November 9, 2010

The Hollywood Hills And The Boulevard

We rolled down the windows and rode across Mulholland Drive as though we had the top down. The wind keeping the hair from our faces, and the sun pouring in with the rush of a southern California lifestyle that Hollywood made famous. We drove the curvy rode as anyone would a famous California road, in a red convertible, with the top down, on a sunny day. I rode shotgun next to her ipod, and we danced *shake it like a Polaroid picture* so fiercely that we forgot we were driving a rented Kia that fell closer to pea green than candy apple red.

The sky turned an even more glorious shade of blue as we turned into the church parking lot, and I almost suggested that we skip Easter mass and keep driving. Curiosity for the new and cravings for the old parked the Kia next to the row of Jaguars, Escalades, and Bentleys. She spotted an actor in the parking lot that I couldn’t identify by name or face. Months earlier we would have (did) squeal at celebratory sightings, but parts of L.A. had lost their luster. Now proximity to a famous actor (or not so famous, because I had no idea who he was) held the same thrill as spotting a crush at the college bar. Challenging but attainable. I actually uttered, “We can find him after mass,” and dragged her to the door. I didn’t want to be late. I wanted something normal, old, comforting. The fact that I was seeking this at a Sunday Easter mass seemed absurd to me, but I thought it was worth a shot.

We were steps from the door when I spotted “Kelly Taylor’s” mother, “Jackie”, walking in our direction. Despite the hours of 90210 I watched in middle school and my soul crushing love for Brian Austin Green, I couldn’t place her face at first. When she sat down a few rows in front of us and turned around to look for someone, I finally remembered her as “Jackie Taylor”. “Kelly’s” mother. A “familiar” face from my past. I don’t remember a word from the mass, or the details of the inside of the church, but I do know that my homesickness melted away for that hour. Three hours ahead, my friends and family sat down to Easter dinner, or Sunday afternoon homework, or a midday trip to the campus cafe.

*****
We spent Easter the year before with his family. He grandparents drove the three hours, and we fell asleep in the backseat to the Broadway tunes of Mama Mia.
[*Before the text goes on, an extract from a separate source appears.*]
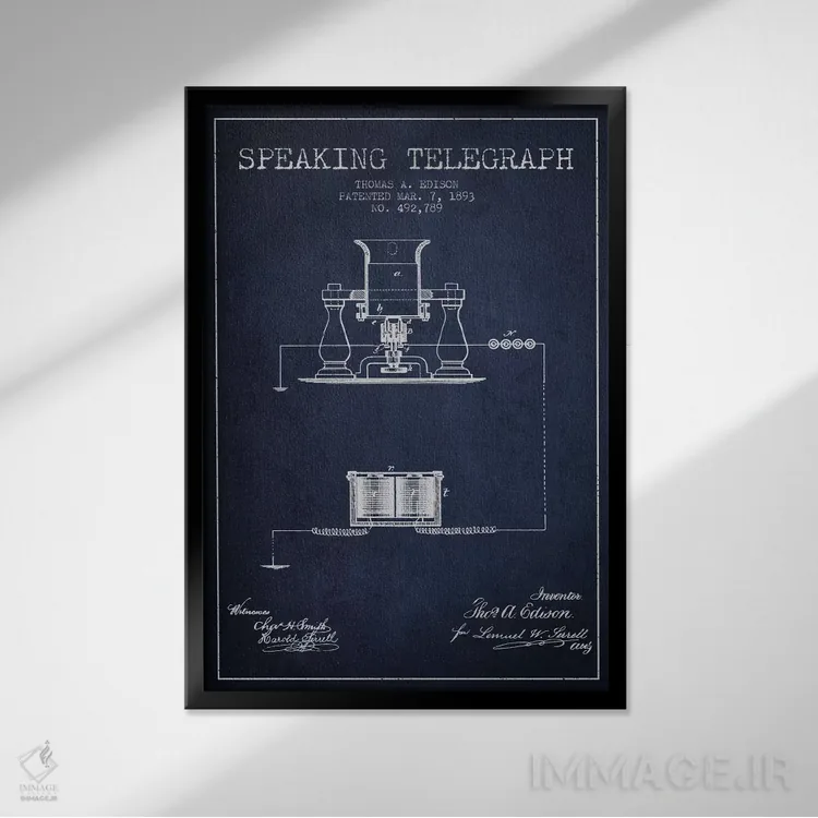 تابلو طرح ثبت اختراع تلفن سخنگو ۲ (آبی نیروی دریایی) اثر پیکسل کهنه (استودیو/نام هنری) - نمای قاب‌دار مشکی

His mom cooked a Saturday dinner, and I inhaled it and asked for seconds. A delicious preview of meals to come, but I collapsed that night into a bed I had already spent nights in and fell asleep between his sister’s stuffed animals.

We were everything and nothing. So I didn’t tell him that I wasn’t going home for Easter until the day before, while I traced the carvings in the table with my finger. In dim lighting I wanted to cup his face in my hand, but we sat with the table between us. So I only looked down and told him seven hours was too far to travel for two days at home. When he asked me to come home with him, I told him that it wasn’t enough notice for his parents. He said that they wouldn’t care. Five weeks before, we showed up at their doorstep at 4am, without notice, after driving all night. We stayed for three days. I knew they wouldn’t mind. Easter morning the Easter Bunny delivered a decorated bag of candy for me. His mom sent me back with left-overs in one hand and her son’s hand in my other.

*****
When the mass ended we filed out of the church into the bright Bel Air sunshine, and I decided not to say anything about “Jackie Taylor” or this Easter or that Easter. She missed also, I knew that. I convinced her that we would never find the actor-I-couldn’t-identify in the crowd, and we climbed back into the Kia. Windows down. Music soft. Until we turned down a canyon drive, and forgot again that we weren’t in a red convertible and how much we missed.

The L.A. sun causes amnesia. I know, because we both already had exchanged plane tickets to fly home early, but on that Sunday morning we forgot every reason that prompted us to end our semester days earlier than planned. She turned up the volume for Outkast and we danced *heeeeyy yyyaaaa* boldly enough to make a red convertible proud.

We turned onto Sunset in our sea foam green Kia, with our windows down and a rhythm to our front-seat dancing. A rhythm to our L.A. life. When I faced the sun and closed my eyes, I could taste the Easter dinner my mom prepared at home, see the faces of friends at school, and feel his hand on the curve of my back, the L.A. sun on my face. For a moment, sitting in that car, the sun healed wounds of time and place. I could be in all places for a solitary moment.

She turned the bass up, and we looked for parking outside Mel’s Diner with the radio blaring *go shawty, it's your birthday* too loudly for 11am on a Sunday morning. Too loudly for Easter brunch. But we were in L.A.! I saw my smile in the side-view mirror and the familiar sight of Mel’s Diner ahead of us. I cranked down my window as far as it could go and thanked the sun. For the next few hours, I stopped wanting to be in all places, and drank up the experience of being in L.A. on an Easter Sunday morning. Sunny and lovely and thrilling.